The blood was remove from us via the normal blood donor permanent centre in the centre of B'ham. upstairs (or lift!) through what used to be the Royal College of Arts entrance at the 'Floozy in the jacuzzi' end of New Street. They moved there years ago now from their old premises above the Nationwide in Waterloo Street, where I amongst plenty of others from our office used to donate blood before I was diabetic. I soon made sure I volunteered for that. The bulk of each visit was just as if you were just donating a normal 'pinta' then when the bag was full, Jeremy from Wolfson would be called onto the floor beside you to fill two of the usual HbA1c vials we're all used to having taken wherever we have them taken for that purpose. Then he loaded the bag and the vials into his filling coolbox, to transport them all back to Wolfson, not far away from the city centre. There, each pinta would be divided up into 600 other individually labelled normal HbA1c vials and sent off to labs either in the UK or abroad. One of the two he'd specifically taken whilst your blood was freely flowing would be tested by Wolfson, and the other retained there for the duration just in case more than X% of those labs reported markedly different results from their first one. The desire result from all the labs was that every result reported to them, should match their result. It didn't actually concern the Unit what the actual result happened to be and the donor never got to discover that, neither was it reported to the NHS. You could give within a month of having blood taken for any test and preferably shouldn't have a normal blood test for anything whatever, within 3 or 4 months thereafter or if you needed one, should tell the medic ordering that test that you'd donated blood on that date.
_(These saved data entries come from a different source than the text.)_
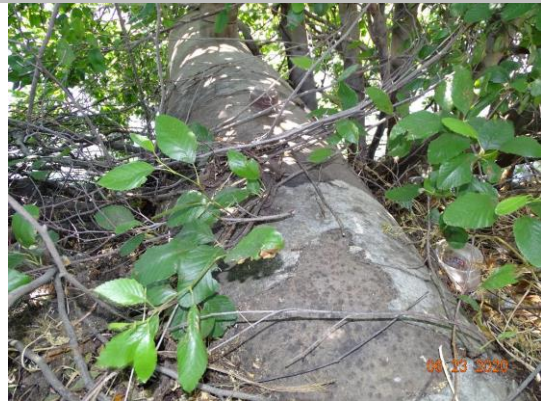
Water-Side: View of pipe at riverbank. Siphon breaker installed on the pipe at this place
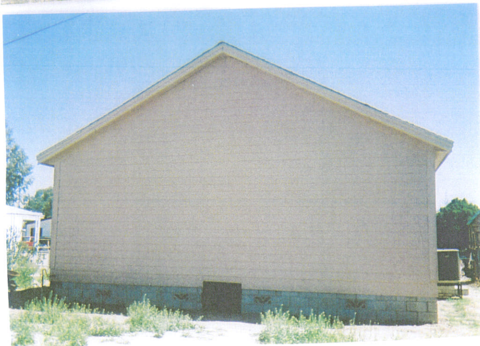
Right Side (West)
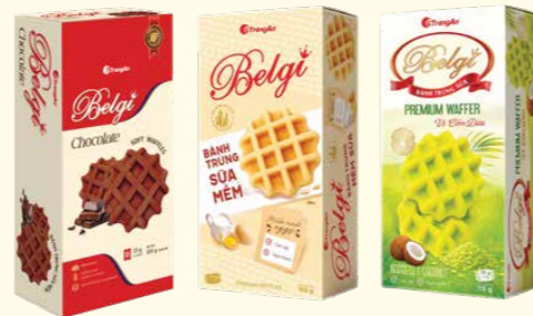
Egg & milk/ 鸡蛋牛奶味: 115 g Coconut & spring rice/ 椰子春米味: 115 g Chocolate/ 巧克力味: 115 g
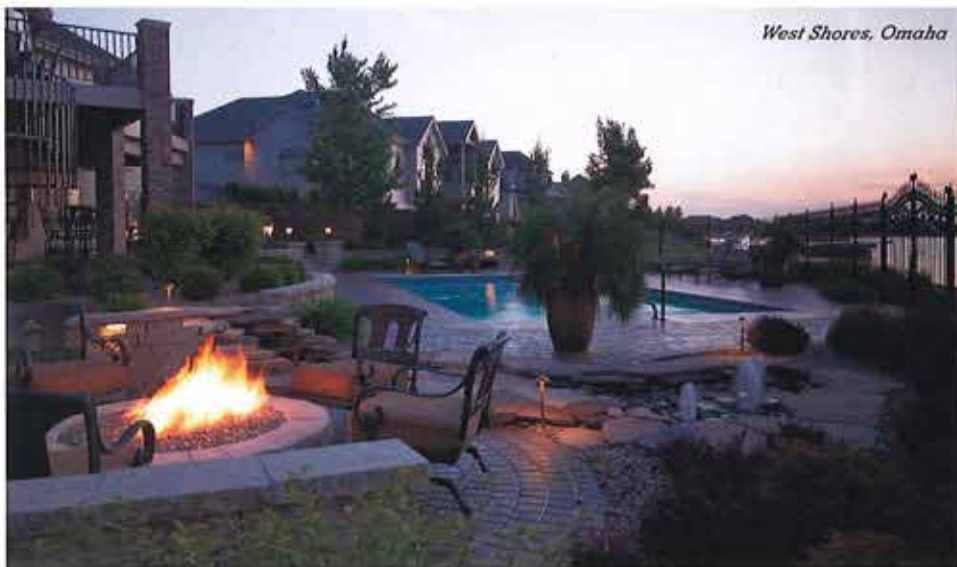
West Shores, Omaha

Then of course the powers that be found out that some donors were T1 - and stopped us donating - which was why I'd had to stop donating in 1972! Made everyone cross, that - us and the Wolfson - cos every person needs their flippin' lab test results to be correctly reported, don't we?
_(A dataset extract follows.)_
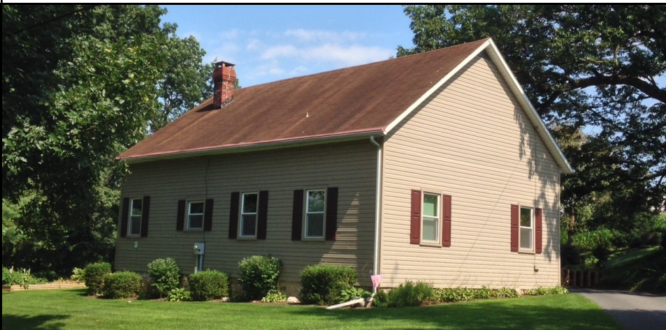
Above: The Webster schoolhouse bell, atop the foundation's carriage house. Left: The Webster schoolhouse, now a private home (2015).

It was (personally) heartening during that phone call from J telling me it had to stop, when he said that generally T1 results amongst 'us lot' had been a lot more 'sensible' numbers than the T2 ones, which ranged far and wide! I commented on behalf of T2s, that it amply demonstrated the lack of close personal advice given by the NHS to an awful lot of T2 folk, then, didn't it? LOL

Used to enjoy my day out in my old daily stamping ground, too!